The TFSA contribution limit increased to $6,000 in 2022. This brings the maximum cumulative contribution space per person to $81,500. Couples now have as much as $163,000 in TFSA room to build an investment portfolio that can produce streams of tax-free income.
Retirees who collect Old Age Security (OAS) should be particularly interested in this investing strategy. All income generated in a TFSA and removed as earnings remains beyond the reach of the CRA. That’s important because the CRA implements a 15% pension recovery tax on OAS payments when net world income tops a minimum threshold. Net world income refers to the total amount of all income paid or credited to you in a year from Canadian and foreign sources minus allowable deductions.
In the 2022 income year, the number to watch is $81,761. Seniors who collect company pensions, CPP, OAS, RRIF payments and other taxable income can quickly breach this amount.
GIC rates are becoming more attractive, but investors with buy-and-hold strategies should also consider top dividend stocks. Fortunately, the market correction is currently giving TFSA investors a chance to buy great Canadian dividend stocks at undervalued prices. Let’s have a look at a couple of these stocks.
TC Energy (TSX:TRP)(NYSE:TRP) trades below $63.50 per share at the time of this writing compared to the 2022 high around $74. The pullback in stock price gives investors a chance to secure a handsome 5.7% dividend yield and simply wait for the next rebound.
TC Energy has a $28 billion capital program on the go that should drive revenue and cash flow growth in the coming years. This will support average annual dividend increases in the 3-5% range. The stock is down in recent weeks due to the revelation that the Coastal GasLink pipeline will be 70% more expensive to build than originally planned. TC Energy has come to an agreement on cost sharing for the project with LNG Canada and the development remains on target, now 70% complete.
TC Energy has raised its dividend for 22 consecutive years.
In the past few months, investors dumped bank stock amid mounting recession fears. An economic downturn is likely on the way in 2023 or 2024, but the selloff in the share prices of Canada’s largest banks looks overdone.
CIBC remains very profitable and its American operations help balance out the Canadian revenue stream that has relied on strong mortgage growth in the past decade. The bank generated $1.65 billion in adjusted net income in fiscal Q2 2022. That was roughly in line with the same period last year. Adjusted return on equity is still strong at 15.2% and CIBC has a robust capital position with a common equity tier one (CET1) ratio of 11.7%. This means CIBC has ample cash to ride out a downturn.

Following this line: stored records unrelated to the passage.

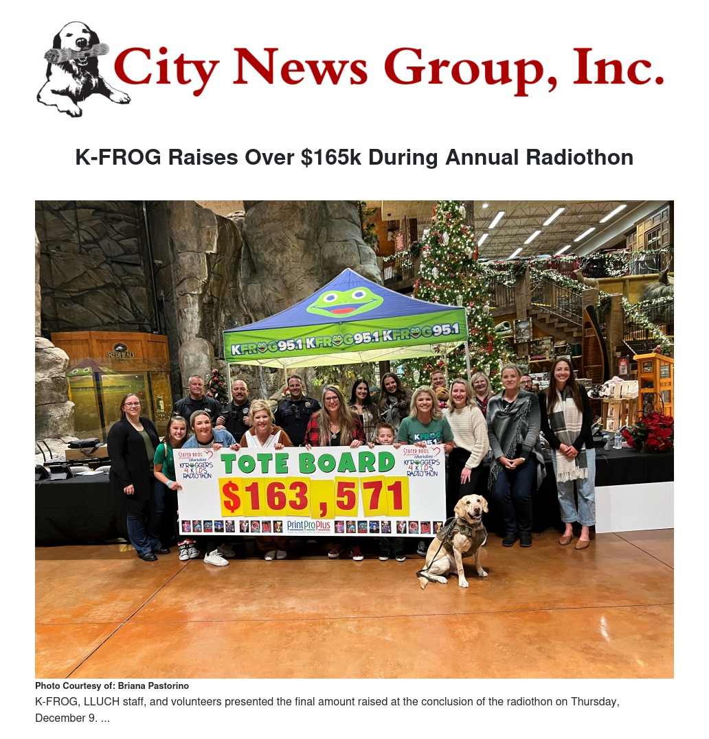 During the past 20 years, K-FROG has raised more than $6.8 million for the hospital during the annual holiday-themed event.
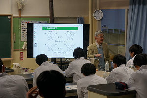 1月18日(木)京都大学との高大連携講座を実施しました。人間・環境学研究科から山本行男先生をお招きして「光る分子―合成して観察しよう―」というタイトルで実験・講義をしていただきました。
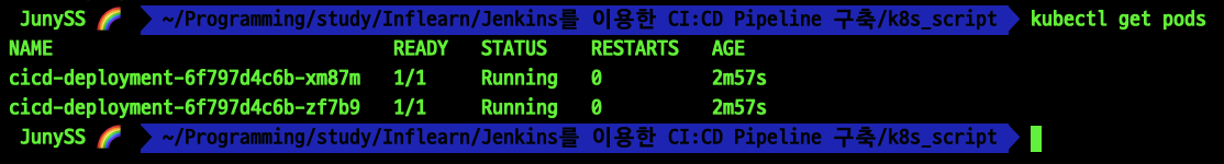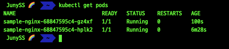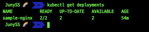 Minikube๊ฐ ์ค์น๋ Mac Book์์ ํ์ธํด๋ณด๋ ์์ ๊ฐ์ด Pod์ Deployment๊ฐ ๋ง๋ค์ด์ง ๊ฒ์ ํ์ธํ ์ ์์ด์.
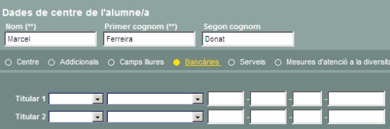 | El programa permet recollir les dades bancàries de l' alumne o dels seus responsables | ||
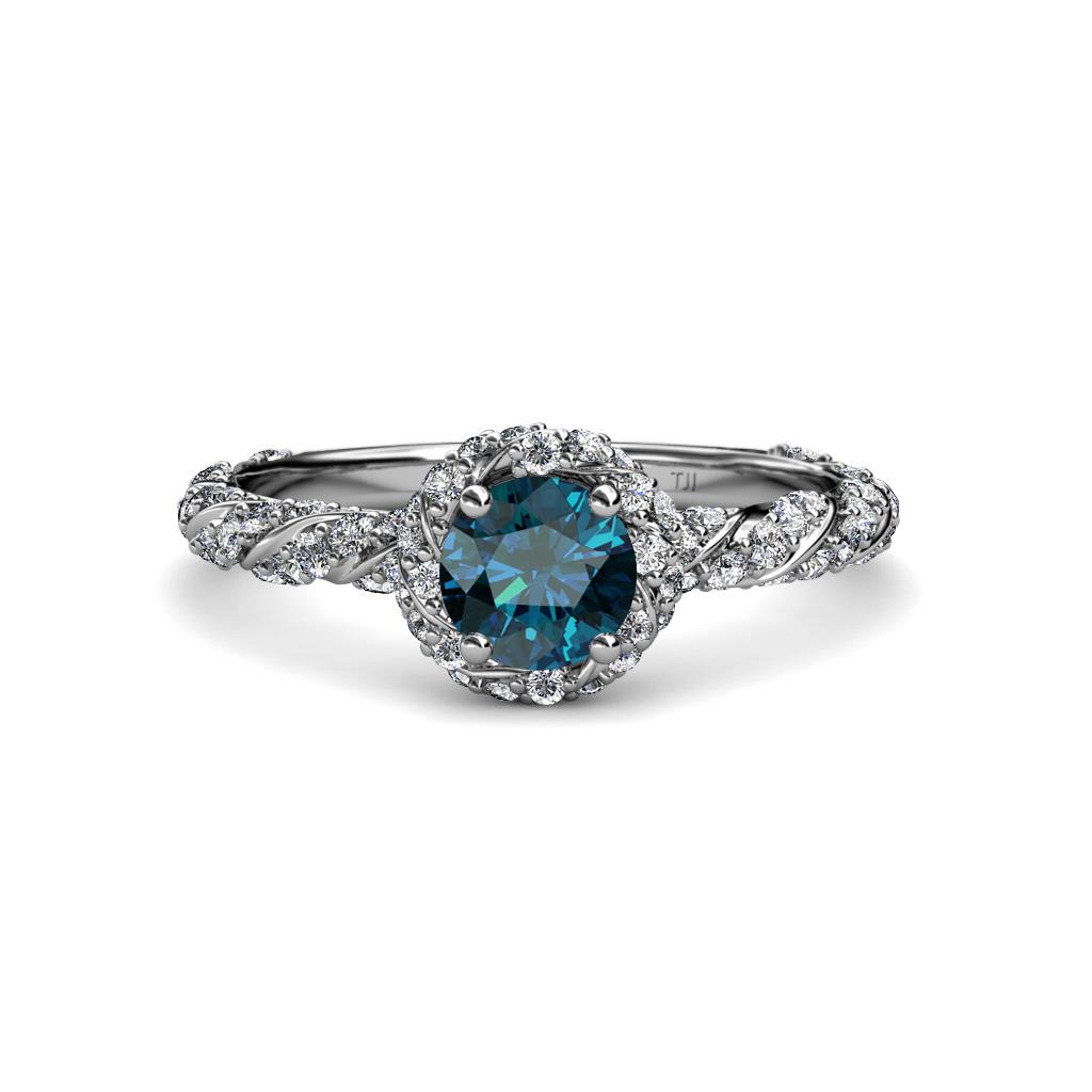 Express Your love and ask her to be yours forever with this exquisite Halo Engagement Ring featuring Center Blue Diamond in a 4 Prong Setting with Halo of single row Pave Set Diamonds overlapping by swirl rope single row Pave Shank.
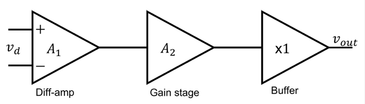 El desarrollo de circuitos Integrados (CIs) con tecnologías manométricas es un reto para todo diseñador. Es así porque cada día hay una demanda adicional en el desempeño de los circuitos y sistemas de las nuevas aplicaciones, sean para su inclusión en el desarrollo de circuitos para la exploración espacial, en los nuevos procesadores, en el desarrollo de sensores inteligentes, en dispositivos portátiles, para ser parte de las Tecnologías de la Información (TI) y/o el Internet de las Cosas (IC), por citar algunas [1-3]. Aún más, el diseño de circuitos analógicos se vuelve una tarea multi-objetivo por las nuevas tendencias que apuestan a la reducción en los voltajes de alimentación sin degradar la eficiencia de los sistemas, con mayores frecuencias de operación, con reducido consumo de potencia y del área de integración y operación en un amplio rango de temperatura, entre otros. En el diseño analógico, su objetivo es mapear las restricciones de acondicionamiento de señales en bloques de circuitos electrónicos que cumplan con las especificaciones de las distintas aplicaciones. Un ejemplo puede verse en la Fig. 1, donde se muestra el diagrama a bloques de un amplificador de dos etapas con buffer de salida. La primer etapa es un amplificador diferencial [4] y enseguida una etapa de ganancia que puede ser de mayor ganancia que la primer etapa, y por último un buffer. Si el amplificador es condicionado para manejar cargas capacitivas, el buffer no se requiere. Pero, si es condicionado para manejar cargas resistivas o cargas RC, se utiliza un buffer [5].
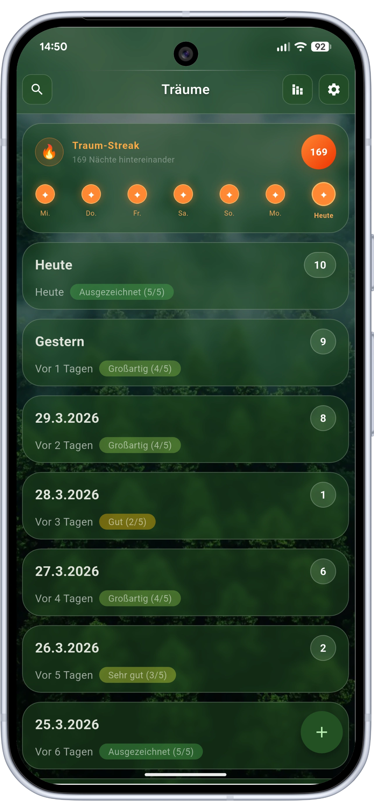 Die App motiviert dich, indem sie dir deine Streaks an Tagen anzeigt, an denen du mindestens einen Traum notiert hast. Außerdem erhält jeder Tag eine Bewertung, basierend darauf, wie detailliert (wie viele Wörter) und wie viele Träume du dich erinnerst. (Diese Funktionen können deaktiviert werden, wenn du einfach nur ein einfaches Tagebuch möchtest).
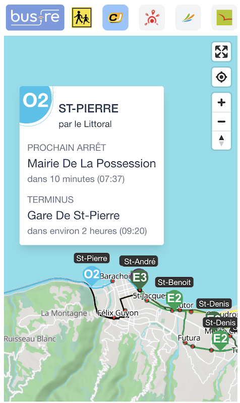 レユニオン行きのバスで安心してご旅行ください。 Car Jaune、Kar'Ouest、CarSud、Alternéo ネットワーク上の次のバスの位置を一目で視覚化します。
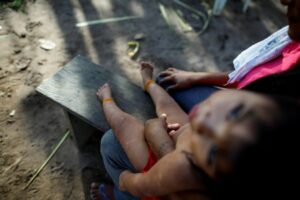 Yane Akay sostiene a su hija, Rany Ketlen, dentro de su choza durante una misión de investigadores del instituto brasileño de salud pública Fiocruz para investigar los trastornos de salud entre los indígenas Munduruku que están potencialmente relacionados con la contaminación por mercurio causada por la minería ilegal de oro, en la aldea Sai Cinza, en el municipio de Jacareacanga, estado de Pará, Brasil 19 de febrero de 2025. REUTERS/Adriano Machado
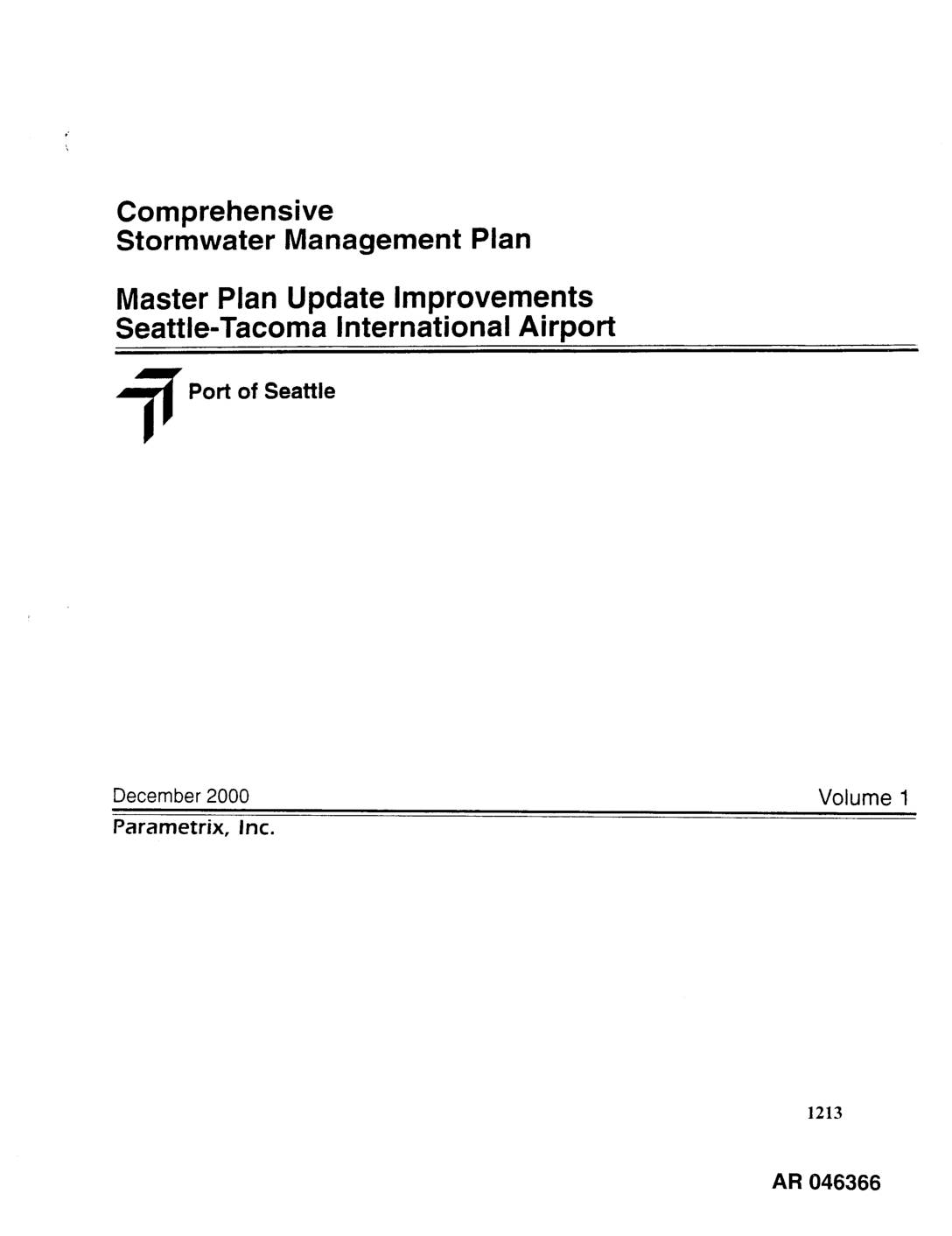This document contains replacement pages developed m response to comments received from the Washington State Department of Ecology (Ecology) on Volumes l through 4 of the December 2000 Comprehensive Stormwater Management Plan (SMP) for the Seattle-Tacoma International Airport Master Plan Update Improvements. A facilitated process was used to document specific revisions required by Ecology to the December 2000 SMP. Each SMP volume contains an itemized list of replacement pages, and the replacement pages are identified by a July 2001 footer. Comprehensive Stormwater Management Plan July 2001 STIA Ma_ter Plan Update Improvements 556-2912-001(28) AR 046368 SMP VOLUME 1 JULY 2001 REPLACEMENT PAGES Preface (beforepg. i) List of Volume 1 Replacement Pages Certificate ofEnmneer (.pg.i) Table of Contents (pgs. ii, iii, iv, and v) Section 2.1.2 (pg. 2-2) Section 2.2.2 (pg. 2-6) Sections 3.2 and 3.3 (pgs. 3-7, 3-7a, and 3-8) Fiumre4-1 (pg. 4-2) Figure 4-2 (pg. 4-3) Table 4-1 (pg. 4--4) Section4.2(pg.4-5) Figure 4-3 (pg. 4-6) Section 4.2.2.1 (pgs. 4-8 and _8a) Table 4-3 (pg. 4-9) Table 4-5 (pg. 4-11) Table 4-6 (pg. 4-14) Figure 4-4 (pg. 4-16) Section 4.5.3.1 (pg. 4-20) Section 5.1 (pg. 5-1) Figure 5-1 (pg. 5-2) Figure 5-2 (pg. 5-3) Section 5.2.1 (pg. 5-4) Figure 5-3 (pg. 5-5) Section 6.1.2.4 (pg. 6-2) Sections 6.1.3, 6.2.1.1, 6.2.1.2, and 6.2.1.3 (pgs. 6-3 through 6-10) Section 6.2.2 (pg. 6-11) Section 6.4.4 (pg. 6-12) Figure 7-1 (pg. 7-2) Section 7.1.2.5 (pgs. 7-8 and 7-8a) Section 7.1.4.1 (pg. 7-9) Section 7.2 (pg. 7-12) Table 7-8 (pg. 7-13) Section 7.8 (pg. 7-23) Section… -
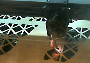 Skärningen av plywooden sker med mycket hög precision (tolerans +- 1 hundradels mm) från de vectorbaserade ritningarna
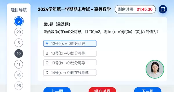 - 提供题目分页导航与答题标记功能,便于考生回顾;

Despite the economic headwinds, management expects the business to generate revenue growth of at least 7% across the business over the medium term. The American commercial banking and wealth management business is expected to lead the way with compound annual revenue increases of 10-13% over the next three years. Canadian personal banking, commercial banking, and the capital market segments are all expected to see revenue increase by 7-10%.
Investors who buy CM stock at the current share price can get a healthy 5% dividend yield.
The bottom line on top TSX stocks to buy for passive income
An equal investment in TC Energy and CIBC would generate an average yield of 5.35%. Investors can easily build a diversified portfolio of top TSX dividend stocks that would provide a similar yield right now. This would generate $4,360.25 per year in a TFSA of $81,500. That works out to more than $363 per month in tax-free income that won’t bump you into a higher tax bracket or put OAS payments at risk of a clawback.